■ AVAILABLE RECORDS ■
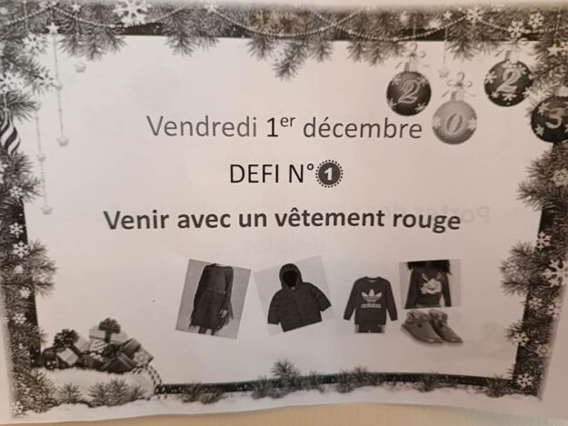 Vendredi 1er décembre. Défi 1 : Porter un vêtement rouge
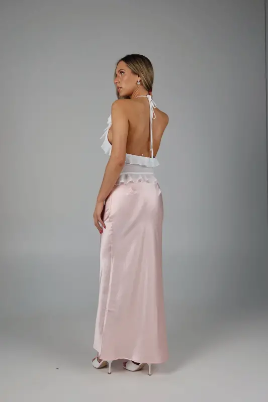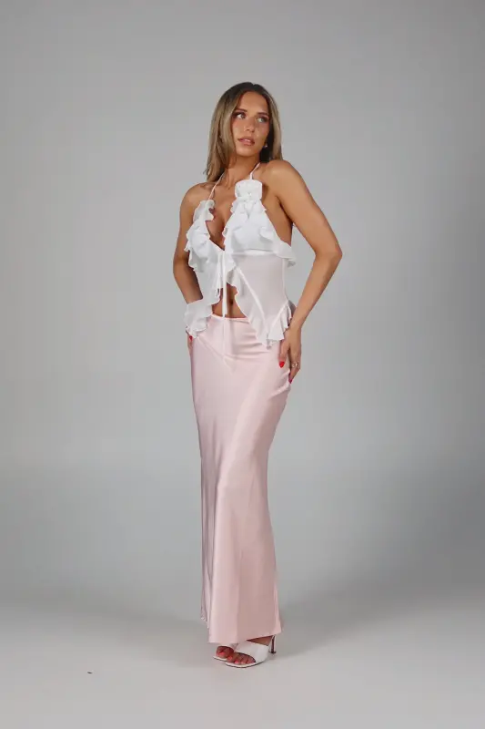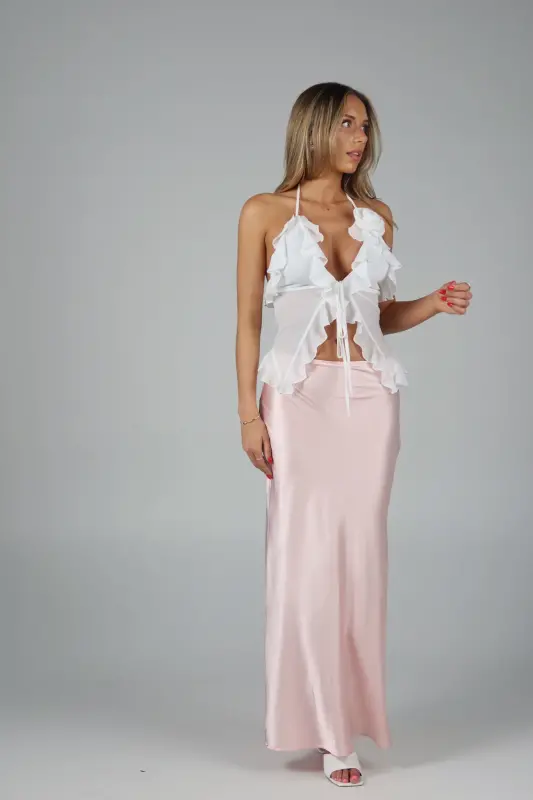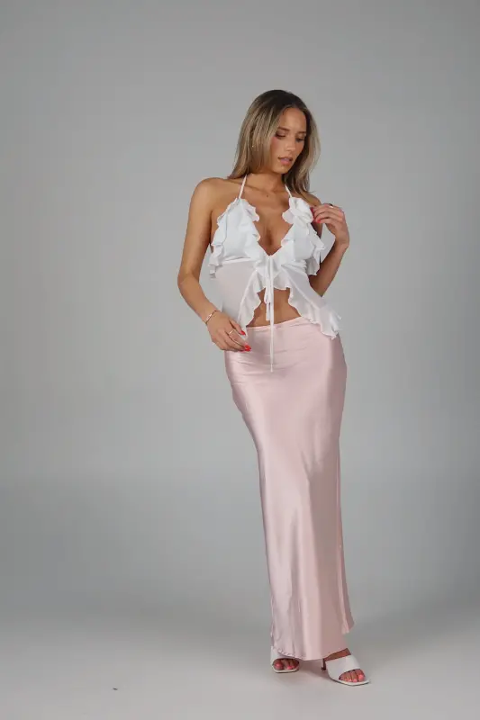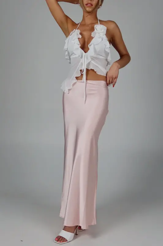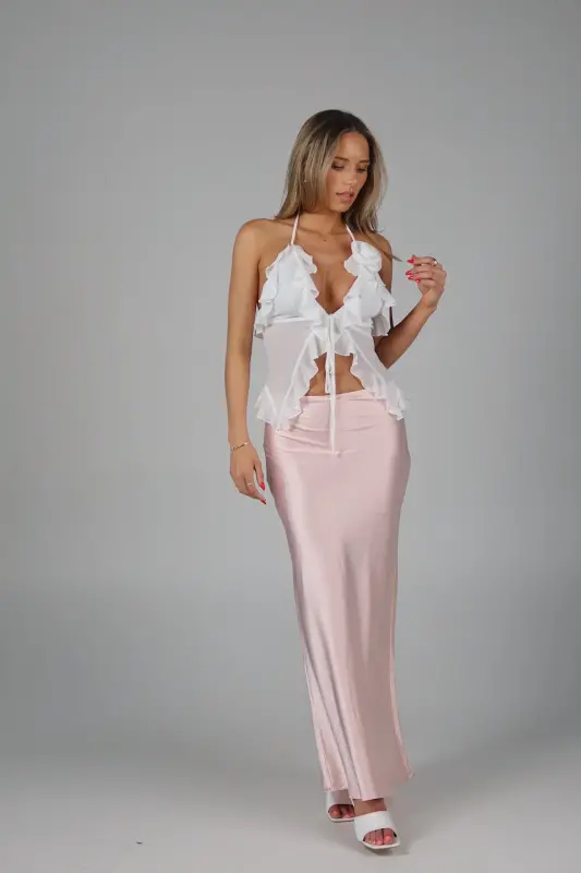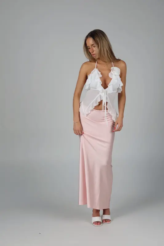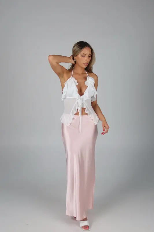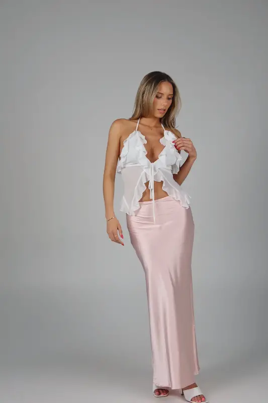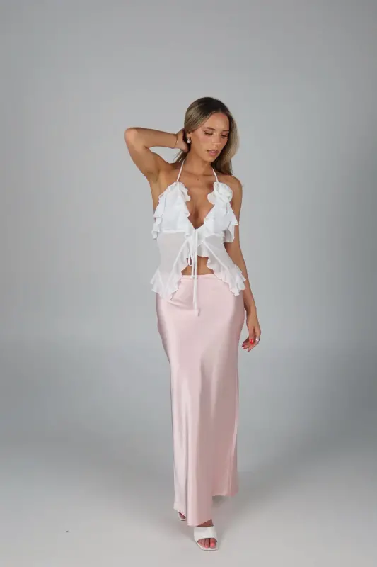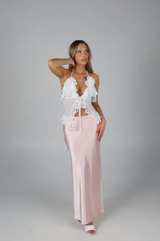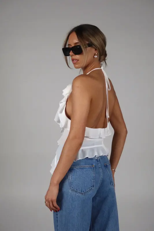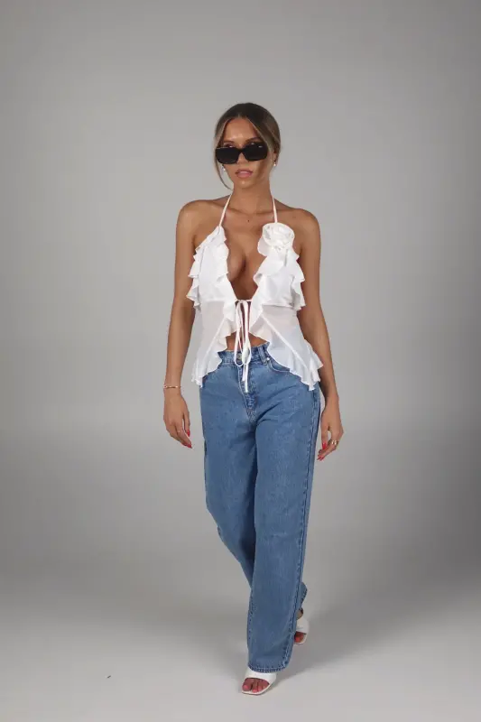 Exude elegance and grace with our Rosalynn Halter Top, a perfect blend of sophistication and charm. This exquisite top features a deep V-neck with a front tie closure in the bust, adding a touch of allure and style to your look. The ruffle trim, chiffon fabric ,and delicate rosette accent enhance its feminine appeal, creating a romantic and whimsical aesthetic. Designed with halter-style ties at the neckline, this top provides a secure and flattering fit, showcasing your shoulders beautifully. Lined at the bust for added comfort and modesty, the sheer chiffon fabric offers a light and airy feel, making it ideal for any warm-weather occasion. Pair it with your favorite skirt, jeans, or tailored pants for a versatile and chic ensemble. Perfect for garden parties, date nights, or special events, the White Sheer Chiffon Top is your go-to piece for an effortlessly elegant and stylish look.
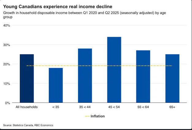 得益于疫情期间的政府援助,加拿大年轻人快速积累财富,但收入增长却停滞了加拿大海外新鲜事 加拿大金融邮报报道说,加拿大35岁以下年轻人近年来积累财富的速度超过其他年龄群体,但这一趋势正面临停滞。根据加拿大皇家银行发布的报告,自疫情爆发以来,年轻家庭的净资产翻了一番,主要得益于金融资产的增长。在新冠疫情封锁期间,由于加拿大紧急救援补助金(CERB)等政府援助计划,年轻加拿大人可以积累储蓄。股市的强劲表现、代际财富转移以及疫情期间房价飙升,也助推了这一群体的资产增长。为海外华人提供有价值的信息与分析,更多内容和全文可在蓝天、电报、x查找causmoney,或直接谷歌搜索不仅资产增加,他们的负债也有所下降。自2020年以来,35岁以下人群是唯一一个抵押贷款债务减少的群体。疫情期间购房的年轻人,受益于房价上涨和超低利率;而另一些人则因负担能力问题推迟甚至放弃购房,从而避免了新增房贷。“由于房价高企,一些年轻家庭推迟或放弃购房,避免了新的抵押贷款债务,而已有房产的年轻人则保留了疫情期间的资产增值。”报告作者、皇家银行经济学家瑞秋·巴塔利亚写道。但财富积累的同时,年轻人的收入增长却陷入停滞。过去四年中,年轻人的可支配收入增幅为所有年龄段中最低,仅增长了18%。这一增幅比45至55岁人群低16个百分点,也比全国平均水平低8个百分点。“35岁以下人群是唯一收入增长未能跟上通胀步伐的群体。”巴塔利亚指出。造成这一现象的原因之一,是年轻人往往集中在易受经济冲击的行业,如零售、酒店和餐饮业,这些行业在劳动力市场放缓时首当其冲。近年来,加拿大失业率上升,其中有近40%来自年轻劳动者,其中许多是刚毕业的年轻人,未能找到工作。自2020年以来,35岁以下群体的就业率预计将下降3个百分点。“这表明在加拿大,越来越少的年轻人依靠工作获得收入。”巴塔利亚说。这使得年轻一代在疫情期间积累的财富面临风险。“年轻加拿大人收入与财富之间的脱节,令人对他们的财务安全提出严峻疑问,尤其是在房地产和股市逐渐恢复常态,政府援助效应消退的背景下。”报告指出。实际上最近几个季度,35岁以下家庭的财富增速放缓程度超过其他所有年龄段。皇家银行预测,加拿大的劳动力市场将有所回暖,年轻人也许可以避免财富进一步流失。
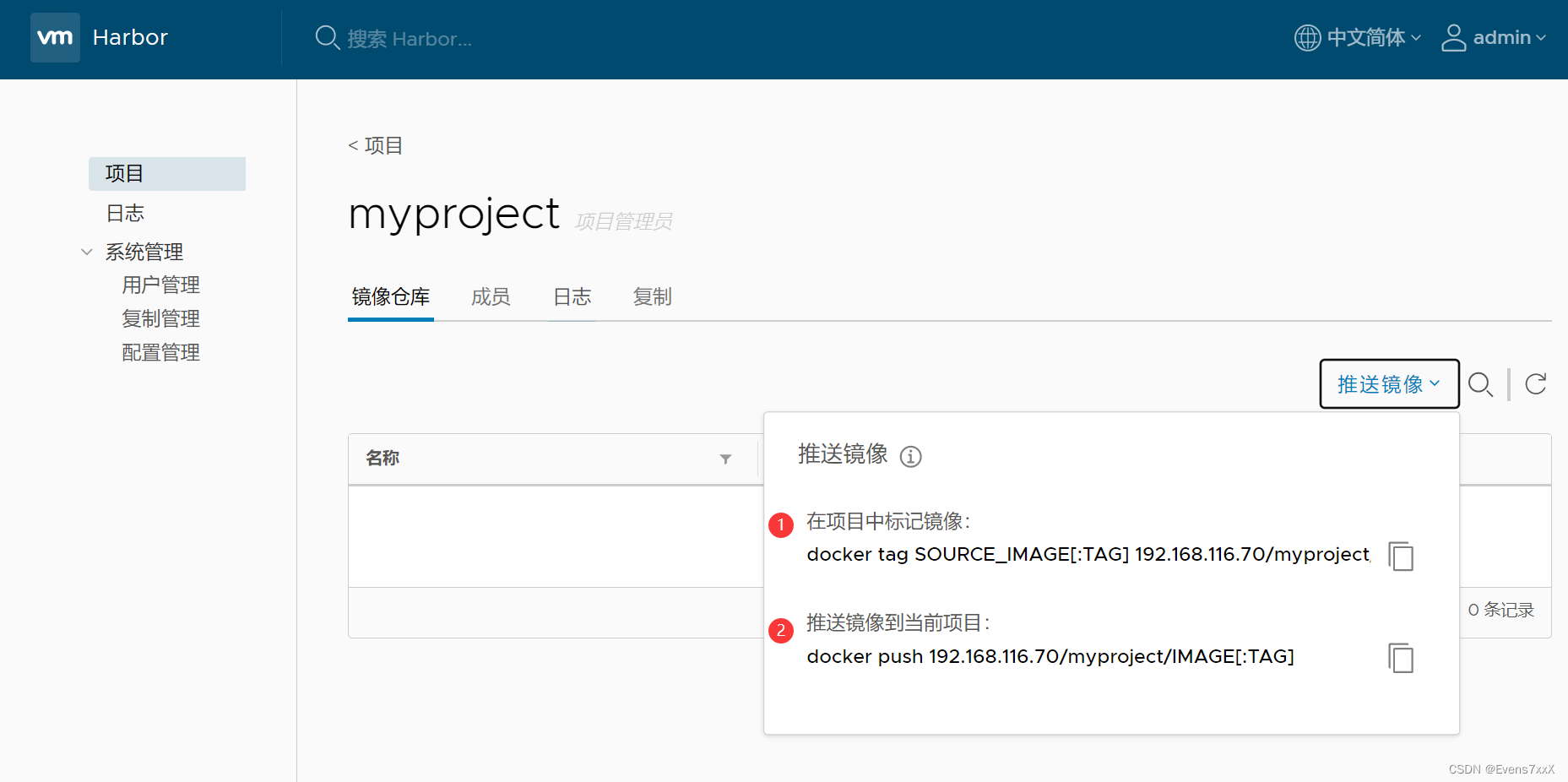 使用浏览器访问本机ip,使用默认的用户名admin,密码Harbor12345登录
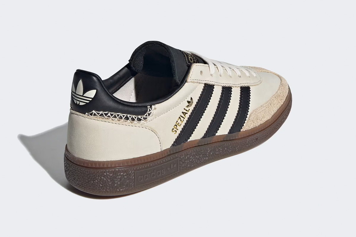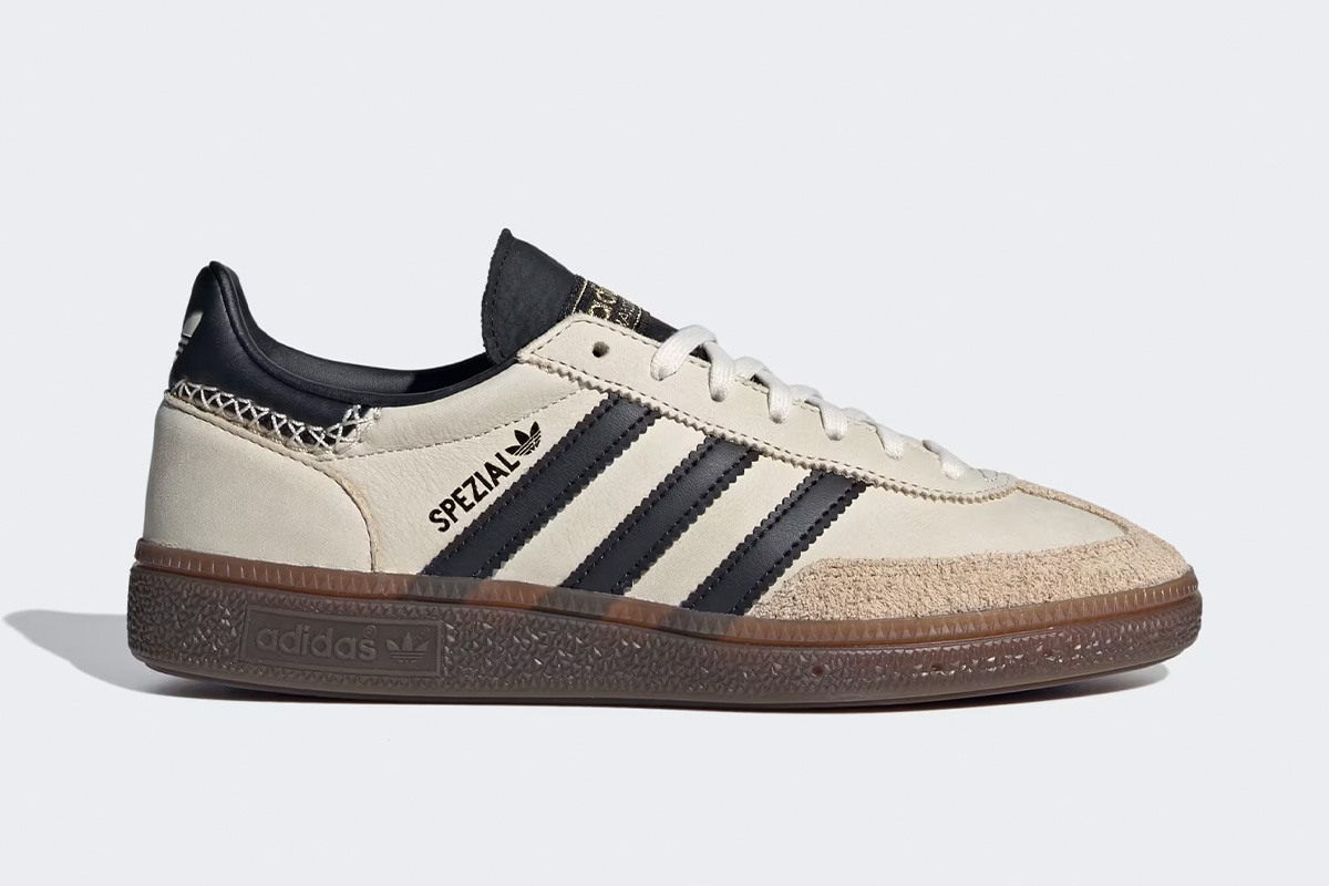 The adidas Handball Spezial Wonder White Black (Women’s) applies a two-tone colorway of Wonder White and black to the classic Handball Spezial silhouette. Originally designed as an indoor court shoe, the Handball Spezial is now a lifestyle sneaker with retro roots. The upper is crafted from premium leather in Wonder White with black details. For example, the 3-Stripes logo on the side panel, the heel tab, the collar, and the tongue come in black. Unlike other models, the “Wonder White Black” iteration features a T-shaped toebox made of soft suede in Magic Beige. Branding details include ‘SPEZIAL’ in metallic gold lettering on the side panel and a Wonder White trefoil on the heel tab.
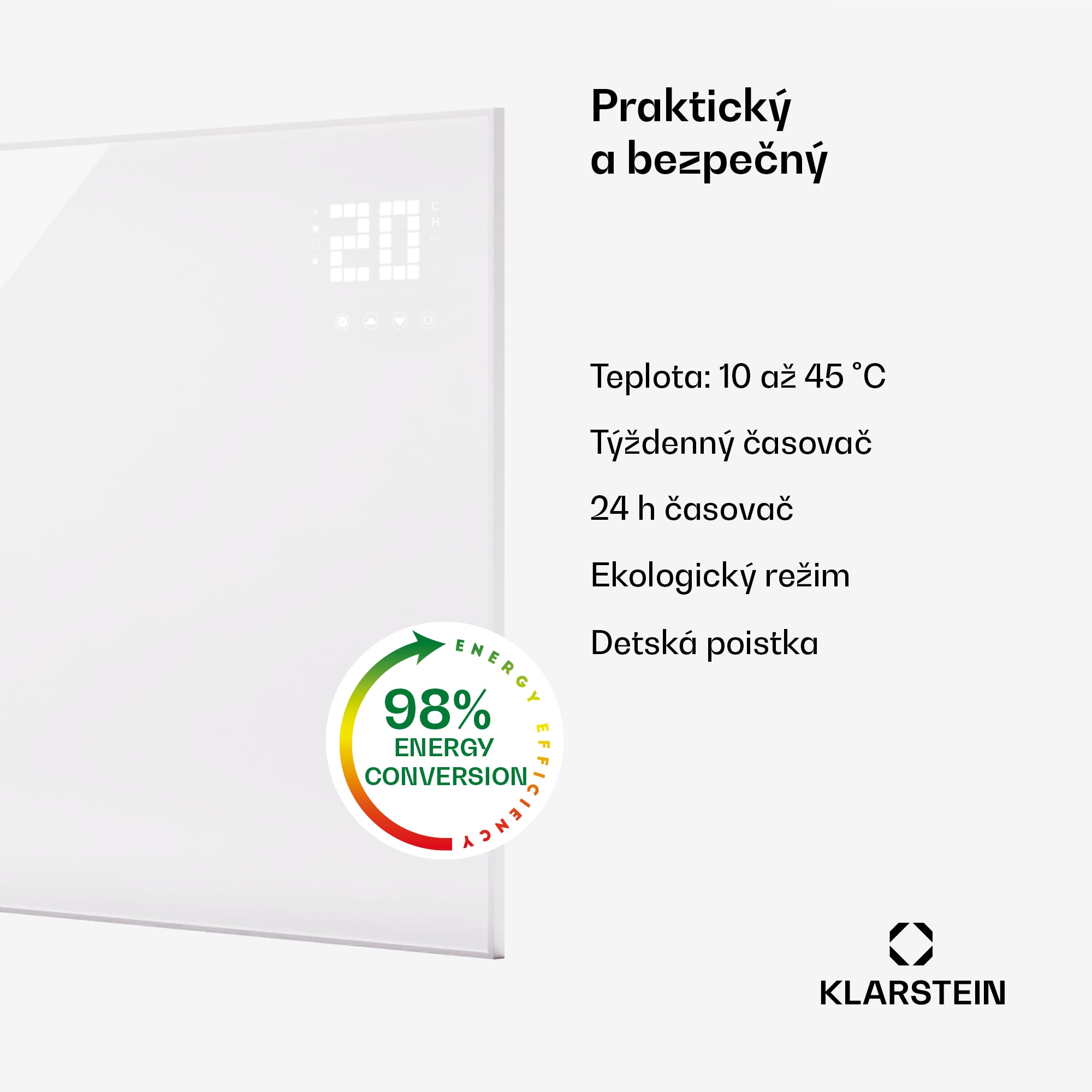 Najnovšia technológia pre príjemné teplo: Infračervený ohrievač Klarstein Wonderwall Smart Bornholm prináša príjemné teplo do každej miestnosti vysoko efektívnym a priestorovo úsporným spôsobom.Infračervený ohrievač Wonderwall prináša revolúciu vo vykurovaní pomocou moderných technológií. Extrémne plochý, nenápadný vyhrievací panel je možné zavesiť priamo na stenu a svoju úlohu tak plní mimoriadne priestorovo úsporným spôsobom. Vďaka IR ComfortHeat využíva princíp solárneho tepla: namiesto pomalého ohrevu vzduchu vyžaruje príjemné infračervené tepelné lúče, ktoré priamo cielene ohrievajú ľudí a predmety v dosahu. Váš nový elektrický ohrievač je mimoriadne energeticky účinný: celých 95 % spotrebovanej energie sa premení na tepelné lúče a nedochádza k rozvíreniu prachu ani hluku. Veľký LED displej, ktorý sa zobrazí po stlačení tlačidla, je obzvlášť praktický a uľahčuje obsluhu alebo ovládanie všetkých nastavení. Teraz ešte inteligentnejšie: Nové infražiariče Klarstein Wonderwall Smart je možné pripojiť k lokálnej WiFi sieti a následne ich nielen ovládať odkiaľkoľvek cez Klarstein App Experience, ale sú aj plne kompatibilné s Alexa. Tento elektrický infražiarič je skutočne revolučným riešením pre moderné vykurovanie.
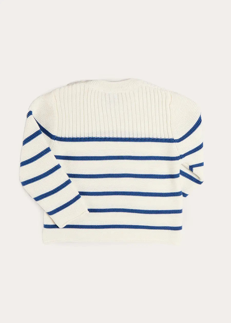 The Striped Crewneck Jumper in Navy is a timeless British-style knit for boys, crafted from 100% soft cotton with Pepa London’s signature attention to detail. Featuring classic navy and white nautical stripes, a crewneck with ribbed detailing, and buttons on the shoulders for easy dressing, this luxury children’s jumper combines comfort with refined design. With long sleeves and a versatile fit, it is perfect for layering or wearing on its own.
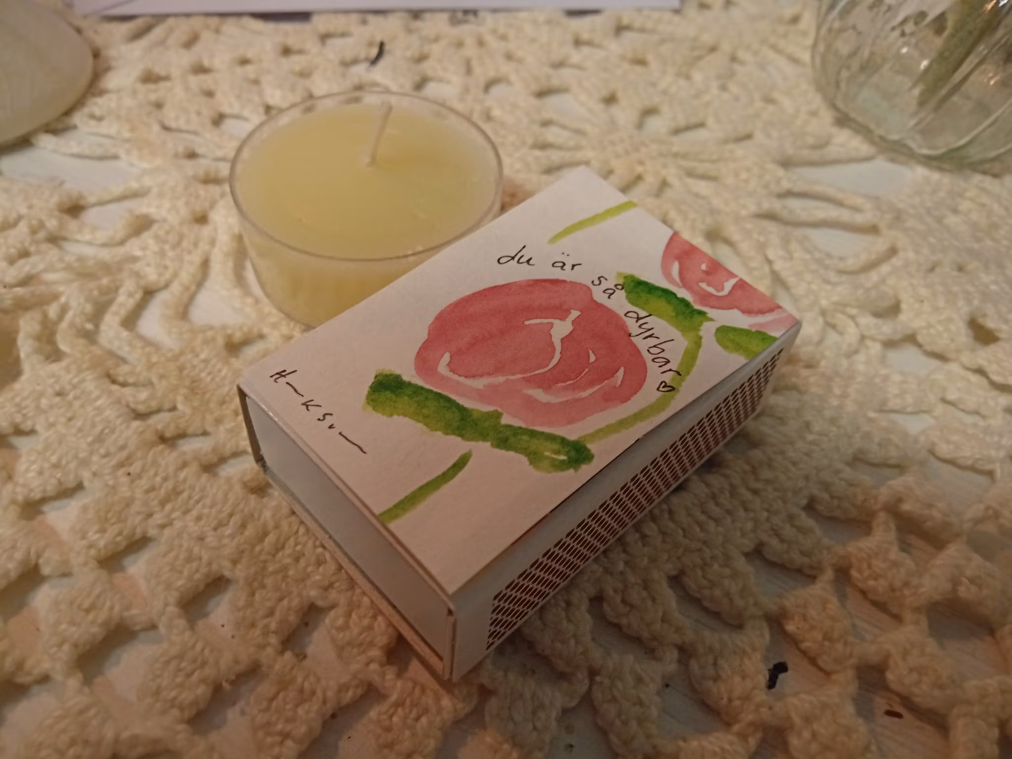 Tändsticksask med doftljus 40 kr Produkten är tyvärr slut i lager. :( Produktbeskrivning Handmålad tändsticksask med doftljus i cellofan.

■ DESCRIPTION OF THE TASK ■
Please give again, exactly and only, the lines from the top of the listing above through the line that has "使用浏览器访问本机ip,使用", with pictures left out.

■ RESULT FOR THIS EXERCISE ■
 Vendredi 1er décembre. Défi 1 : Porter un vêtement rouge
 Exude elegance and grace with our Rosalynn Halter Top, a perfect blend of sophistication and charm. This exquisite top features a deep V-neck with a front tie closure in the bust, adding a touch of allure and style to your look. The ruffle trim, chiffon fabric ,and delicate rosette accent enhance its feminine appeal, creating a romantic and whimsical aesthetic. Designed with halter-style ties at the neckline, this top provides a secure and flattering fit, showcasing your shoulders beautifully. Lined at the bust for added comfort and modesty, the sheer chiffon fabric offers a light and airy feel, making it ideal for any warm-weather occasion. Pair it with your favorite skirt, jeans, or tailored pants for a versatile and chic ensemble. Perfect for garden parties, date nights, or special events, the White Sheer Chiffon Top is your go-to piece for an effortlessly elegant and stylish look.
 得益于疫情期间的政府援助,加拿大年轻人快速积累财富,但收入增长却停滞了加拿大海外新鲜事 加拿大金融邮报报道说,加拿大35岁以下年轻人近年来积累财富的速度超过其他年龄群体,但这一趋势正面临停滞。根据加拿大皇家银行发布的报告,自疫情爆发以来,年轻家庭的净资产翻了一番,主要得益于金融资产的增长。在新冠疫情封锁期间,由于加拿大紧急救援补助金(CERB)等政府援助计划,年轻加拿大人可以积累储蓄。股市的强劲表现、代际财富转移以及疫情期间房价飙升,也助推了这一群体的资产增长。为海外华人提供有价值的信息与分析,更多内容和全文可在蓝天、电报、x查找causmoney,或直接谷歌搜索不仅资产增加,他们的负债也有所下降。自2020年以来,35岁以下人群是唯一一个抵押贷款债务减少的群体。疫情期间购房的年轻人,受益于房价上涨和超低利率;而另一些人则因负担能力问题推迟甚至放弃购房,从而避免了新增房贷。“由于房价高企,一些年轻家庭推迟或放弃购房,避免了新的抵押贷款债务,而已有房产的年轻人则保留了疫情期间的资产增值。”报告作者、皇家银行经济学家瑞秋·巴塔利亚写道。但财富积累的同时,年轻人的收入增长却陷入停滞。过去四年中,年轻人的可支配收入增幅为所有年龄段中最低,仅增长了18%。这一增幅比45至55岁人群低16个百分点,也比全国平均水平低8个百分点。“35岁以下人群是唯一收入增长未能跟上通胀步伐的群体。”巴塔利亚指出。造成这一现象的原因之一,是年轻人往往集中在易受经济冲击的行业,如零售、酒店和餐饮业,这些行业在劳动力市场放缓时首当其冲。近年来,加拿大失业率上升,其中有近40%来自年轻劳动者,其中许多是刚毕业的年轻人,未能找到工作。自2020年以来,35岁以下群体的就业率预计将下降3个百分点。“这表明在加拿大,越来越少的年轻人依靠工作获得收入。”巴塔利亚说。这使得年轻一代在疫情期间积累的财富面临风险。“年轻加拿大人收入与财富之间的脱节,令人对他们的财务安全提出严峻疑问,尤其是在房地产和股市逐渐恢复常态,政府援助效应消退的背景下。”报告指出。实际上最近几个季度,35岁以下家庭的财富增速放缓程度超过其他所有年龄段。皇家银行预测,加拿大的劳动力市场将有所回暖,年轻人也许可以避免财富进一步流失。
 使用浏览器访问本机ip,使用默认的用户名admin,密码Harbor12345登录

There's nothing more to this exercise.